Exterior shot of the London Stock Exchange
The growth of passive investing is a global trend © Chris Ratcliffe/Bloomberg

Beating the stock market by “active” investing is no longer the focus for many investors. Instead, investing in a passive or tracker fund, which follows a stock market index and delivers returns in line with the market average, has become the norm.

But are you too passive about your passives? If you’ve ignored them for a few years, your chosen investments might carry higher fees than they need to. With a little effort, you can power up your performance.  

In the UK, retail investment platforms reported that Isa season in 2023 — around March and April — was well and truly owned by tracker funds. And the passive fund industry continues to advance on to the turf of active managers. Nine out of the 10 most popular funds bought by AJ Bell’s investors in the first half of 2023 were passive.

Analysts at the platform have speculated that these recent inflows might be investors nudging gently into a rocky market, biding their time before finding better opportunities. But I think it’s more of an entrenched pattern.

The latest data from the IA, which represents the fund management industry, found tracker funds received net retail inflows of £272mn in June 2023, taking their overall share of industry funds under management to 21 per cent.

The growth of passive investing is a global trend. In 2022, indexed vehicles recorded inflows of $747bn globally, while their actively managed counterparts shed $1.27tn. Passive funds managed to increase their share of the global market by 2.3 per cent to 38 per cent, according to Morningstar Direct data.

Passive investing is definitely the easy way to invest — long beloved of buy and hold “armchair” investors, who like to let their investments compound over the years. But I think more investors who are approaching retirement and have built assets of considerable value may want to reduce risk in their portfolios. And tracking an index reduces the risk that a portfolio manager makes the wrong call.

There’s also a growing body of academic evidence, which you can see helpfully collated at the Evidence-Based Investor blog, supporting the view that passive investing is the best way to go about it. For example, Morningstar’s research on funds that focus on the US equity market found that only 23 per cent of active managers outperformed their passive counterparts from 2010 to 2020.

Even if you still want to take a punt on active management in a bid to beat the stock market, you’re likely to be holding a decent chunk of your portfolio in trackers. So how can you get that working better for you?

First, if you haven’t looked at what’s available for a few years, consider the recent expansion of index funds.

Following what other passive investors are finding and buying is always interesting — it’s worth looking at popular passive funds on the three major UK retail investment platforms. Hargreaves Lansdown customers are still buying Legal & General products, probably due to the discounts that HL negotiates on that provider’s fees, while at AJ Bell and Interactive Investor, Vanguard and iShares products dominate.

I’d also look at exchange traded funds (ETFs), which track indices and often come with lower fees than index funds, while trading like shares. In 2022, 23 per cent of all fund launches were in ETFs, up from only 5 per cent in 2016, according to analysis from consultants Oliver Wyman.

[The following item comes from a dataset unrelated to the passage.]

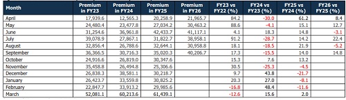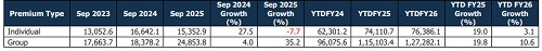 Group premiums rose significantly by 35.2% in September 2025, increasing from a 4.0% growth in September 2024. The increase was largely supported by a rise in the group's non-single segment, mainly due to significant traction by LIC. Meanwhile, individual premiums fell by 7.7%, compared with a 27.5% rise in the same month last year. Additionally, the market share of single premiums declined marginally from 70% in FY25 to 69% up to H1FY26, which could indicate a gradual shift in business composition towards the latter. Private insurers have managed this transition well by sustaining growth through diversified, recurringpremium offerings.
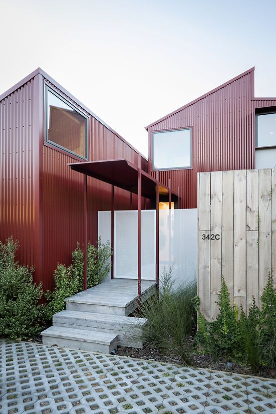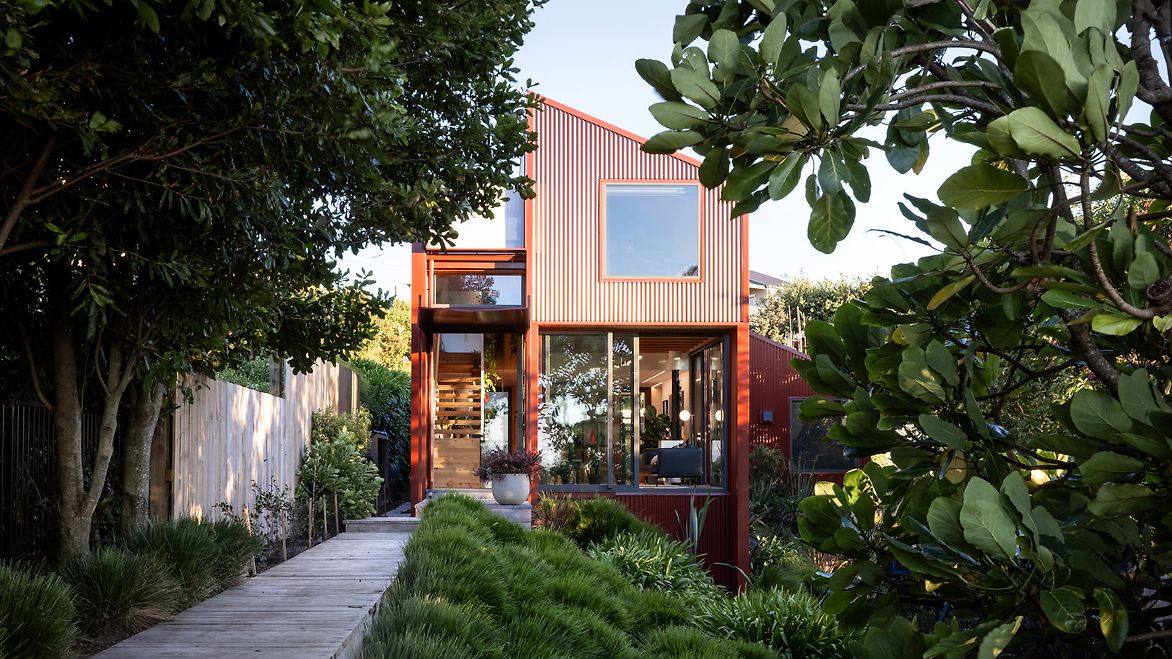 Drawing inspiration from the site’s rural past, the house pays homage through the use of claddings reminiscent of vernacular red sheds. Splitting the building along the axis of the historical farm access track it occupies, the design integrates with the landscape, embracing its surroundings.

A lot of ETF launches have been in thematic products that follow niche sectors. I’d be wary of chasing these new technologies as consumers may benefit but investors often don’t. If you’re going down that route, it can start to feel like active management again.

But if you chose to invest a few years back in a focused passive fund that was popular at the time, for example, China or another emerging market, it might be another reason to look again at your portfolio and reassess the overall balance and the wisdom of that earlier decision. 

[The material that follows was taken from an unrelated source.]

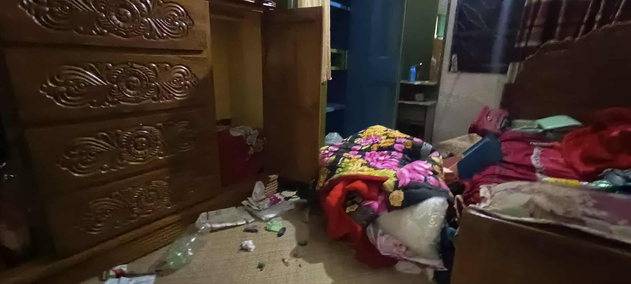 ঘরের বাসিন্দা নুর উদ্দীন বলেন, রাত তিনটার সময় আমার ভাবির ঘরের দরজা ভেঙ্গে ১০ থেক ১৫ জনের একটি ডাকাত দল ঘরে ডুকে, ঘরে ডুকার সাথে সাথে তার গলায় চুরি ধরে জিম্মি করে পেলে তাকে, তার ঘর থেকে সব নিয়ে তার পর আমার ঘরে আসে, আমার হাত পা চোঁখ বেঁধে সাড়ে তিন ভরি স্বর্ণ ও ৫২ হাজার টাকা নিয়ে যায় ডাকাত দলের সদস্যরা।

I’d consider newer low-cost rivals to traditional tracker funds. If you want to follow a global, US or UK equity index, which is all that many buy-and-hold investors want, there’s also a cheap ETF for that. For example, the SSGA SPDR MSCI World UCITS ETF tracks the MSCI World index for an ongoing charge of 0.12 per cent, while the Xtrackers S&P 500 UCITS ETF tracks the S&P 500 index of US stocks for 0.06 per cent.

The point is that if the passive fund that you chose on your platform 15 years ago seemed good value then, it might not be today. Even some products launched 10 years ago don’t compete on price. And there are still a few excruciatingly expensive legacy products around.

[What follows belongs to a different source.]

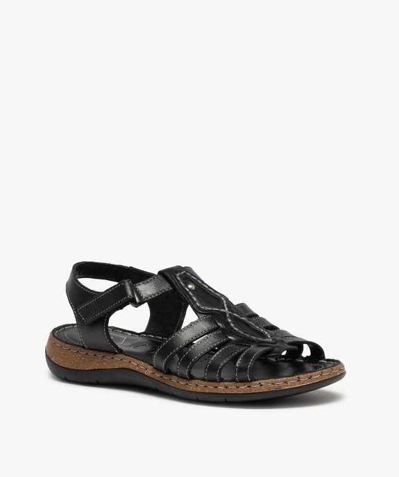 Ces sandales femme affichent tous les éléments nécessaires pour apporter un maximum de confort au quotidien. Ce sont des sandales à talon plat, montées sur une semelle amortissante. La tige est inspirée de classiques spartiates, avec bout ouvert et large empiècement central marqué de surpiqûres. Ces sandales intemporelles trouveront vite une place auprès des tenues de tous les jours : pantalon, jupe ou robe, elles sont simples et de bon goût. Fermeture bride scratch sur le côté du pied.

The biggest offender I could find is the L&G Tracker Trust CTF, which launched in 1999 and in 2023 still has an eye-watering ongoing charge of 1.56 per cent for the £1.3bn invested in the fund. As a child trust fund product, this hurts — the children invested in it are getting a very poor deal.

Cost may not be everything, but when it comes to passive investing it’s a key consideration.

The AJ Bell Manager versus Machine report found the most costly UK tracker fund is 21 times more expensive than its cheapest counterpart. It calculates an investor switching £10,000 from the former to the latter would be £6,627 better off after 20 years, assuming a 7 per cent gross annual growth rate.

For investors with more at stake, not switching to a better priced product can mean missing out on life-changing sums. Remember that although the price difference may look minimal, it can quickly escalate, so the time to act is always now.